The familiarity was growing stronger and stronger. “I missed a lot in the archives, or the people you know have prodigious memories.”
“They do. Long ago the trustee involved in your murder had a brother on the other side. That brother was a Bishop of The Church, a prominent Bishop, but The Church wa
s not so strong then. It preached love, and had no ambitions for power. A few disagreed with that.”
“These people remember all that?” Trae’s pulse rose. The piercing eyes, the cadence of speech, all so—
“I remember it. I was there on the other side, a novice in The Church. I remember Azar Khalil as the first Bishop of Kratola. I think The Church sent him after your father to gain a foothold in the colonies. And he’s managed to make a substantial fortune while doing it.
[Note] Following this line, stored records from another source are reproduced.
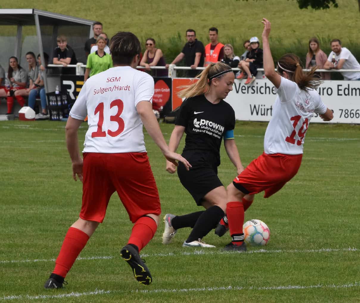 Zwar hatten die Rot-Weißen aus Sulgen und Hardt die erste Tormöglichkeit, doch Selina Otto schoss über das Tor (15.). Doch die Bezirksligistinnen gewannen die Überhand, auch wenn es bis zur 35. Minute dauerte, bis der erste Treffer fiel. Freistoß von rechts, hoher Ball, Lara Ernst lochte zum 1:0 ein. Nur wenig später nutzte Selina Broghammer ein Missverständnis in der gegnerischen Abwehr zum 2:0. Und schließlich machte Lara Ernst das 3:0, nachdem sie sich einen gegnerischen Pass erlaufen hatte. In der zweiten Hälfte gab es noch einige sehenswerte Szenen, aber keine Treffer mehr. Nun verzogen sich auch die dunklen Wolken, so dass die Sonne die Pokalübergabe beleuchtete.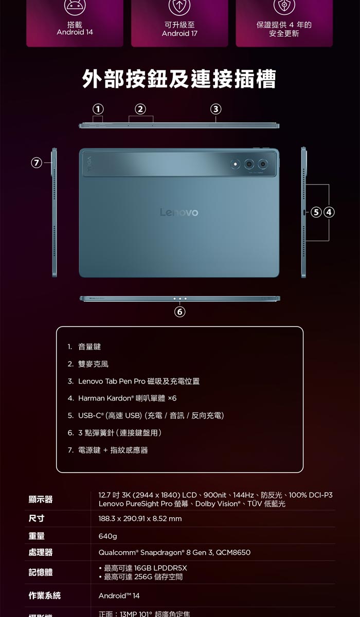 Lenovo 聯想 Yoga Tab Plus ZAEG0170TW S8/16G/256G/12吋 平版電腦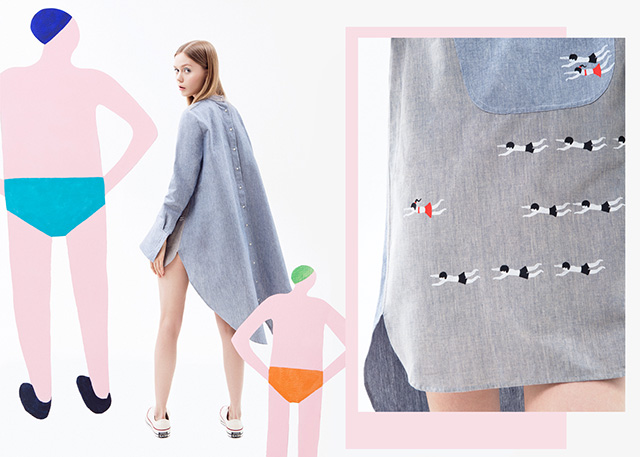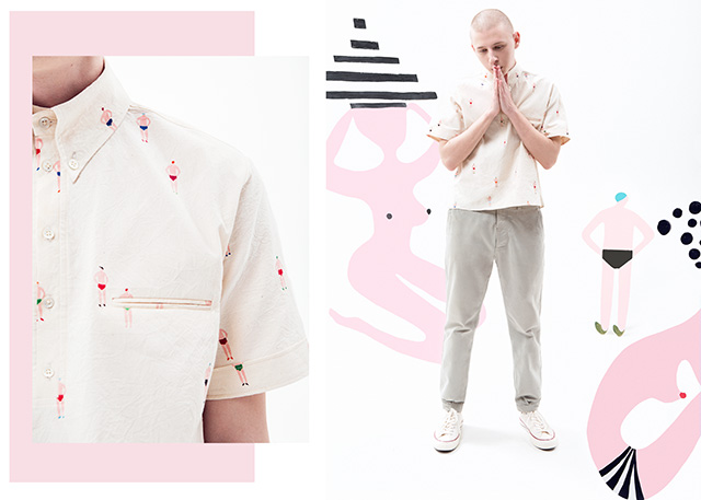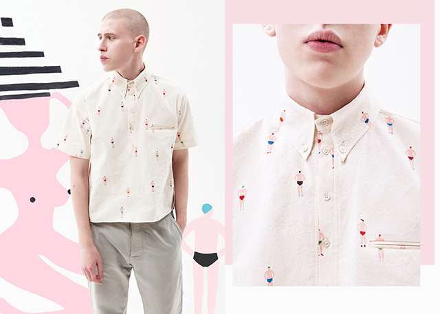Несмотря на легкомысленные сюжеты и расслабленный вид всех изображенных человечков-отдыхающих, название этой небольшой «капсулы» с ходу заявляет о серьезности намерений тех, кто над ней работал. Свою первую совместную коллекцию Дмитрий Пирожников, московский фотограф и художник, и Оля Глаголева, молодой дизайнер, назвали «Быть, а не казаться». Такую решительность мы невольно связываем с не так давно прогремевшей в Сети кампанией #beachbodyready, хотя, признаться, и подозреваем, что она здесь совершенно ни при чем. Но крошечные нарисованные девушки, ставшие героинями принтов, совершенно спокойно загорают топлес (пусть и всего лишь на белой ткани, а не на настоящем берегу моря), да и остальные человечки, гордо позирующие в своих красных плавках, уперев руки в боки, тоже выглядят более чем уверенными в себе.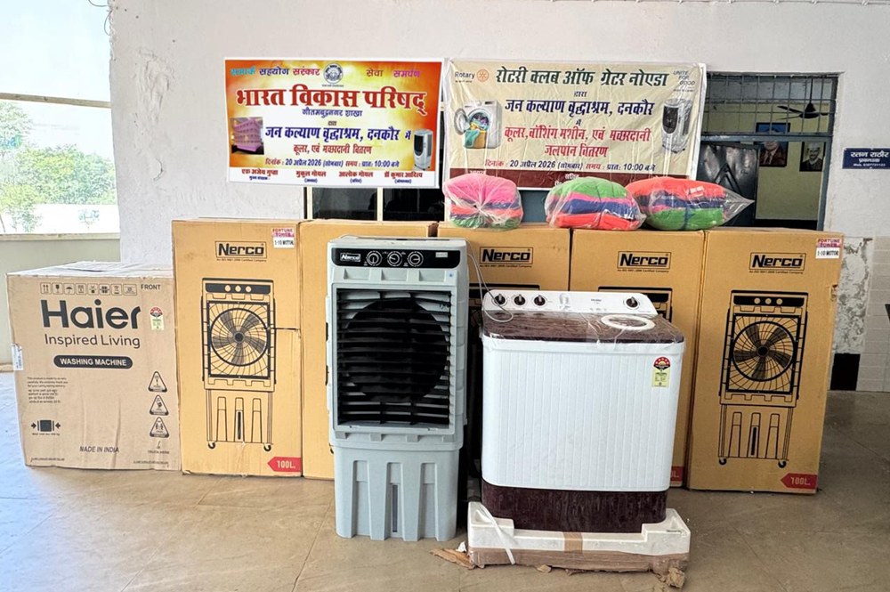 Greater Noida News (20/04/ 2026): रोटरी क्लब ग्रेटर नोएडा और भारत विकास परिषद, गौतमबुद्ध नगर शाखा के संयुक्त तत्वावधान में दनकौर स्थित जन कल्याण वृद्धाश्रम में रह रहे बुजुर्गों के लिए संस्था ने 1 वाशिंग मशीन और 6 कूलर भेंट किए।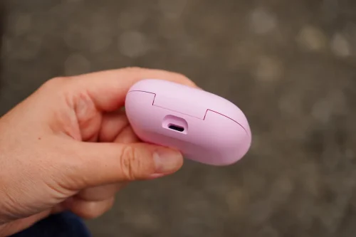 充電ケースは前モデルよりも17%小型化され、ポケットにも収まりやすくなっている。端子にはUSB Type-Cを採用しており、MacBookやiPhoneとケーブルを共用できる点も便利だ。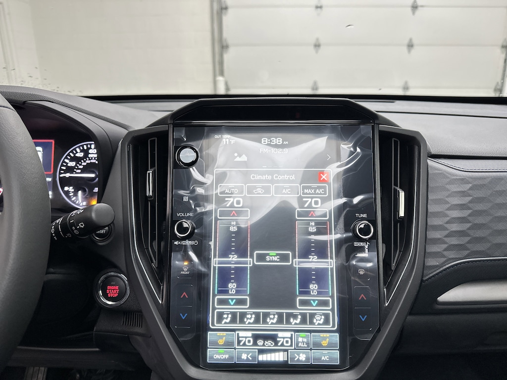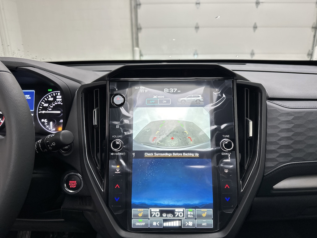 Inside, the cabin is designed to feel open, intuitive, and comfortable. The 11.6-inch Subaru Multimedia Plus touchscreen anchors the dash, offering wireless Apple CarPlay and Android Auto so your navigation, music, and messages are always within reach. Heated front seats add cozy warmth on cold mornings, and the 10-way power driver's seat with lumbar support makes long drives feel effortless. Dual-zone automatic climate control keeps everyone comfortable, while rear-seat air vents and multiple illuminated USB ports ensure passengers stay relaxed and connected.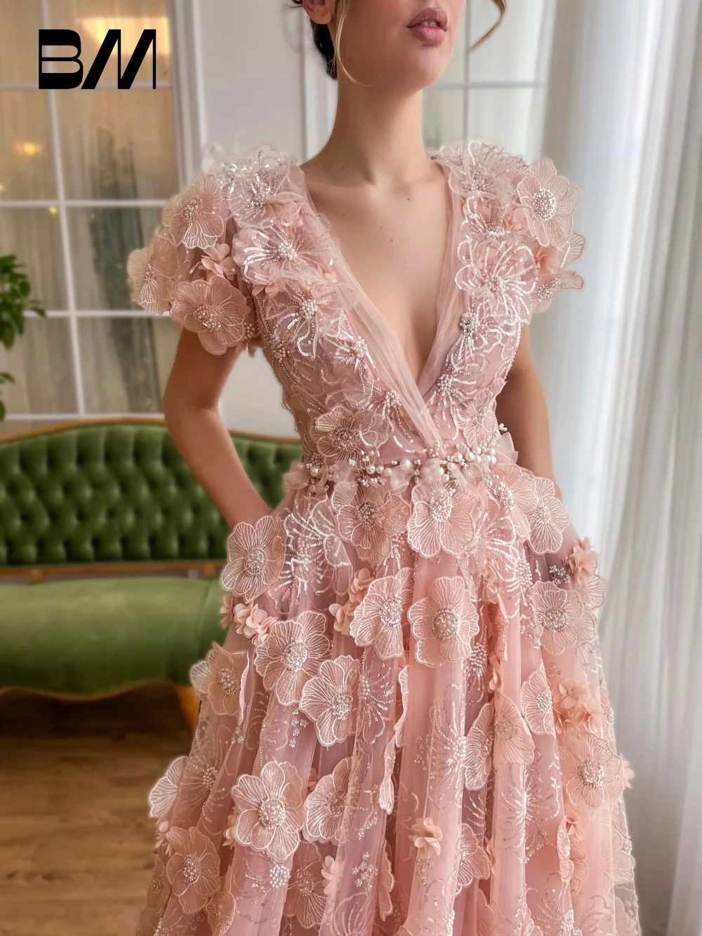 Rose Pink Lace 3D Flowers V Neck Prom Dress Pearls Evening Dresses Cocktail A-line Formal Events Customized Women Party Gown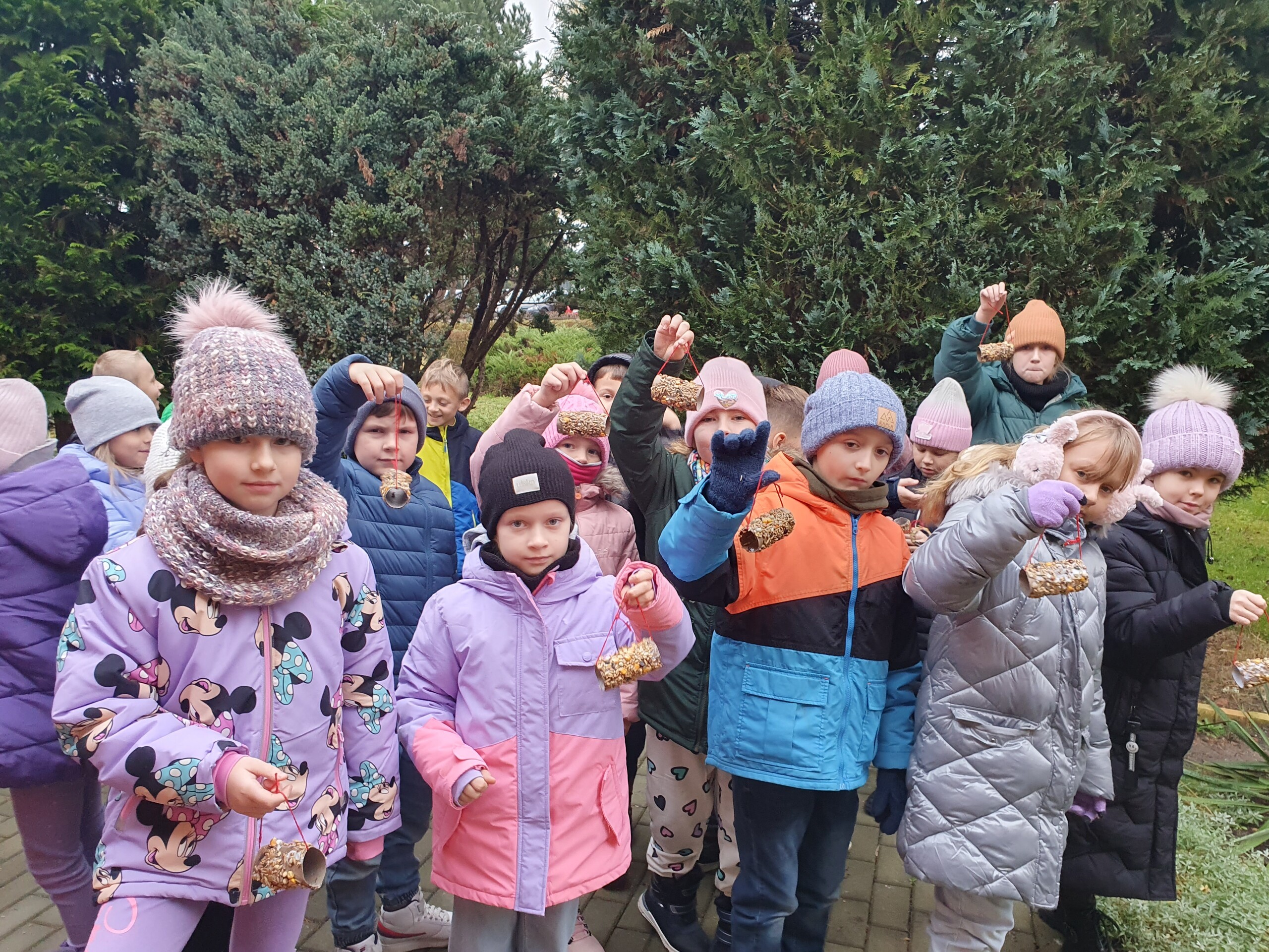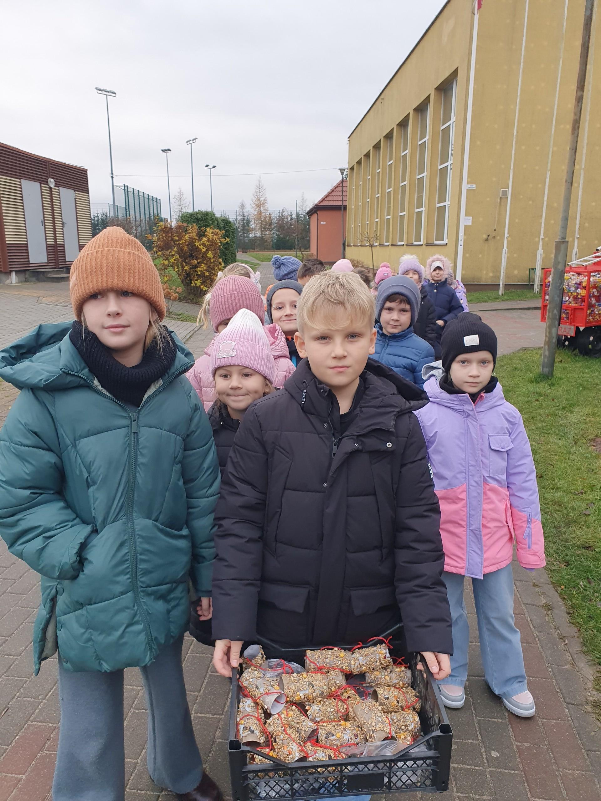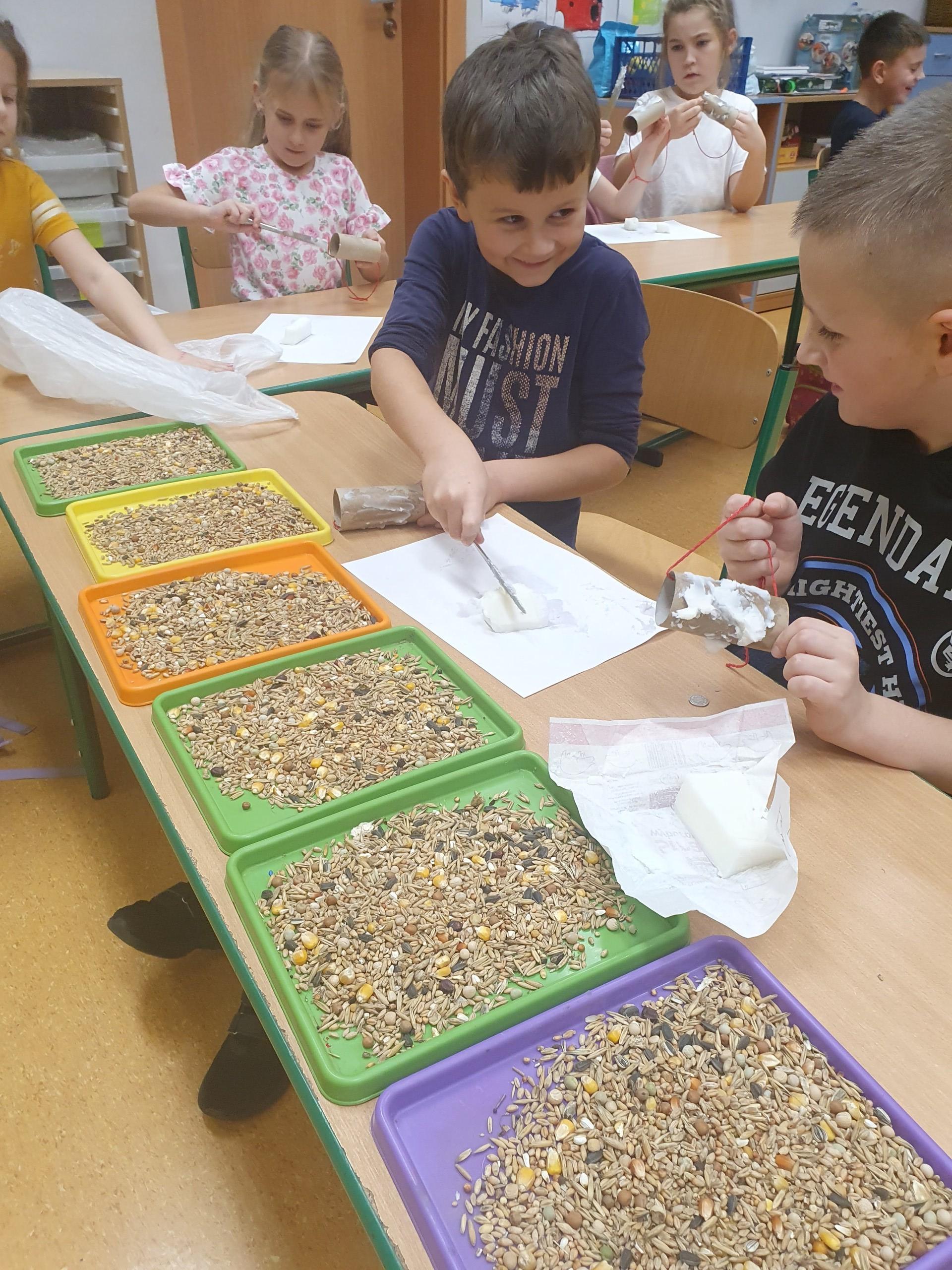 Na zajęciach z edukacji przyrodniczej uczniowie uczyli się, jak można pomagać zwierzętom w zimowym okresie, które pokarmy można im podać, a które mogą im zaszkodzić. Drugoklasiści wykonali ekologiczne karmniki zawierające różne gatunki nasion, które rozwiesili na drzewach w okolicy szkoły.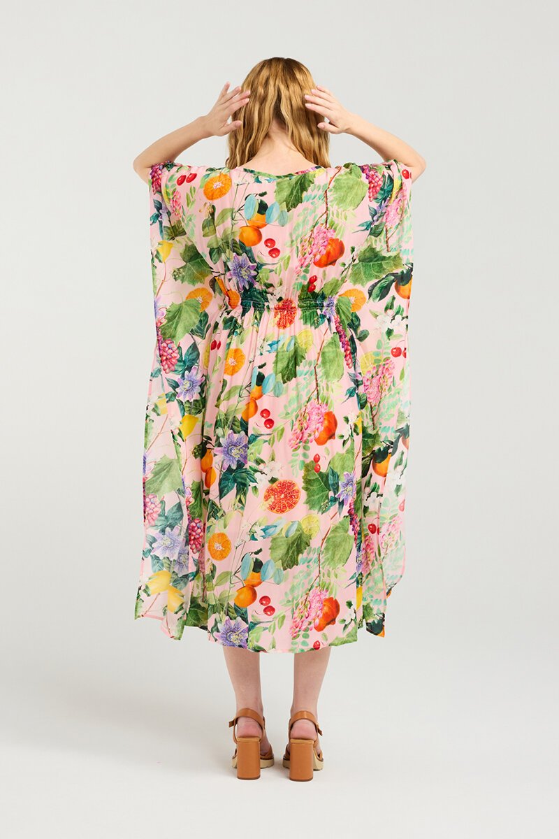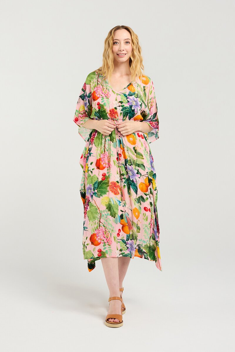 The Sonya Dress is pure holiday energy in a kaftan silhouette. Its vibrant tropical print sets the scene for sunshine days, while the relaxed shape and waist tie let you define your fit without losing that carefree flow.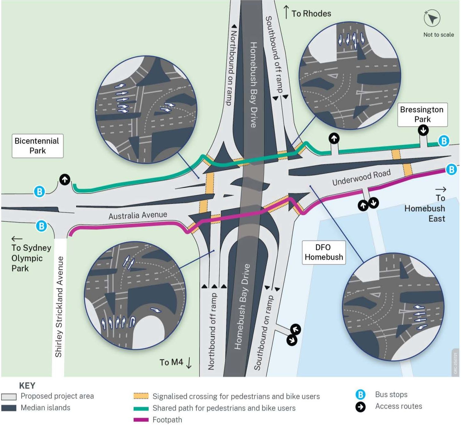 - Upgrading the existing pedestrian crossings at Homebush Bay Drive on/off ramps to shared walking and bike riding crossings

We even removed the Emperor of Gan for him, restoring democracy, or so we thought. Now he’s taken power under the guise of democracy, but it’s for The Church.”
“Who’s we?”
“You, the Zylak family. You’re the enemy of The Church. It was seen that way on Kratola. It still is.”
“You don’t get any of this from the archives, or other people’s memories. As much as I think it possible, it’s conjecture without proof.” Trae’s pulse was racing, now, Haight’s eyes locked onto his.
“Your father remembers all of it. And do you really think you’re the only person who meets with him on a flower-covered hillside? Only Trae would believe that.”
“You’ve talked to my father?”
“Why not? We’ve been responsible for you since the day you were first born. Only the bodies change.”
Now John Haight really smiled, and the darkness in his eyes went away.
“Petyr?” said Trae, and his voice quavered.
“Hello again,” said John Haight.
CHAPTER 33
In the first youth of Leonid Zylak, ten thousand souls left Kratola and its crowds to search for opportunities in another universe. Others had gone before them, and had never been heard from again. Even with ships cruising at half-light speed and capable of light-year jumps, the distances were too vast for communication.
This time was different. The new colonists vowed they would keep in touch with their home world by settling the first habitable worlds they found. This was not so easy a task as they thought, for it was one hundred and eighty years before they found a system with a suitable world. Many lived out their final lives on board ship, having lost hope of ever setting foot on land again.